With the SIDAFF facility, selected municipalities can combine their respective water and wastewater projects into a single portfolio, attracting investment from major international funding institutions that may not typically support smaller-scale, individual projects.
Overstrand Executive Mayor, Dr Annelie Rabie, explained that this facility will tap into both local and international finance, grants, and donor funding to secure much needed additional resources for key municipal water and wastewater infrastructure.
A total of 17 projects, worth over R2.2 billion, have been identified across Overstrand, Drakenstein, Stellenbosch, Mossel Bay, Swartland, Breede Valley, George, and Saldanha Bay, and are currently in the prefeasibility (or early planning) stages.
This form part of the R72 million in grant funding secured from the Swiss State Secretariat for Economic Affairs (SECO) and R35 million from the DANIDA Sustainable Infrastructure Finance (DSIF), a division of Investment Fund for Developing Countries (IFU).
Anton Bredell, the Western Cape Minister for Local Government, Environmental Affairs, and Development Planning, explained: “These financial contributions are helping us to get to the R110 million needed for the next phase of this project, where the identified projects will move from feasibility to bankability. The French Development Agency also played a key role in successfully completing the first two phases of the project, and Green Cape has been a support partner throughout.”

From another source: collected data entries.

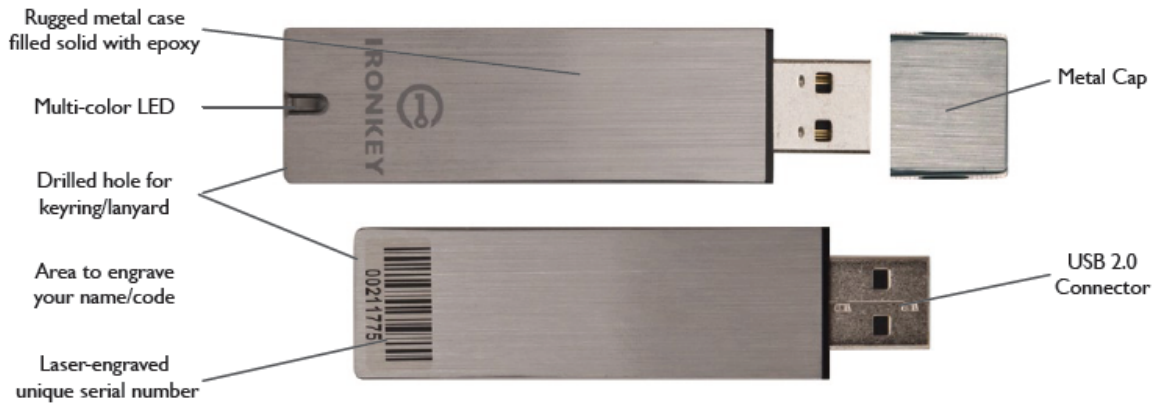
Figure 1 – Image of the Cryptographic Module (S250)

The cryptographic boundary is defined as being the outer perimeter of the metallic enclosure and is depicted below.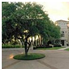
Matthew McConaughey's Austin Estate vs. Airstream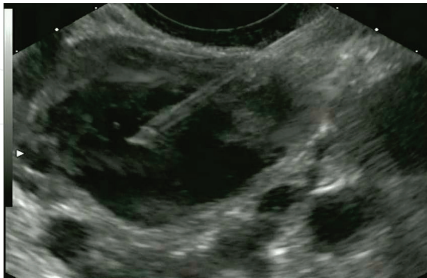
Figure 2. Cyst fluid evaluation-EUS/FNA—by Prof. Alizadeh.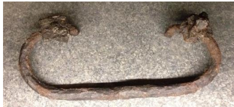
During the course of the reconstruction of the castle church in Wittenberg, two engineering consultants inspect Luther's grave on February 14, 1892 – against an explicit imperial ban from 1885. At a depth of about seven feet they come upon the coffin. Since it is broken in several spots, it is possible to recognize the bones of the Reformer that are in relatively good condition. On this particular occasion the loose coffin handle was recovered and given to the Luther house on May 16, 1913.

Family: “In the third place, from this ordinance of creation God has himself exempted three categories of men, saying in Matthew 19[12], “There are eunuchs who have been so from birth, and there are eunuchs who have been made eunuchs by men, and there are eunuchs who have made themselves eunuchs for the sake of the kingdom of heaven.” Apart from these three groups, let no man presume to be without a spouse. And whoever does not fail within one of these three categories should not consider anything except the estate of marriage. Otherwise it is simply impossible for you to remain righteous. For the Word of God which created you and said, “Be fruitful and multiply,” abides and rules within you; you can by no means ignore it, or you will be bound to commit heinous sins without end.

The Minister added that several factors are making water security and water quality the next major challenge for towns and cities in South Africa: “Climate change expected to make the Western Cape hotter and drier, and our growing population is putting increasing pressure on available water resources. Wastewater works that operate beyond their design capacity are polluting our rivers and ground water, creating significant health and economic risks. In addition to these, is the deterioration of government finances, making it harder for municipalities to maintain or develop water and wastewater infrastructure.”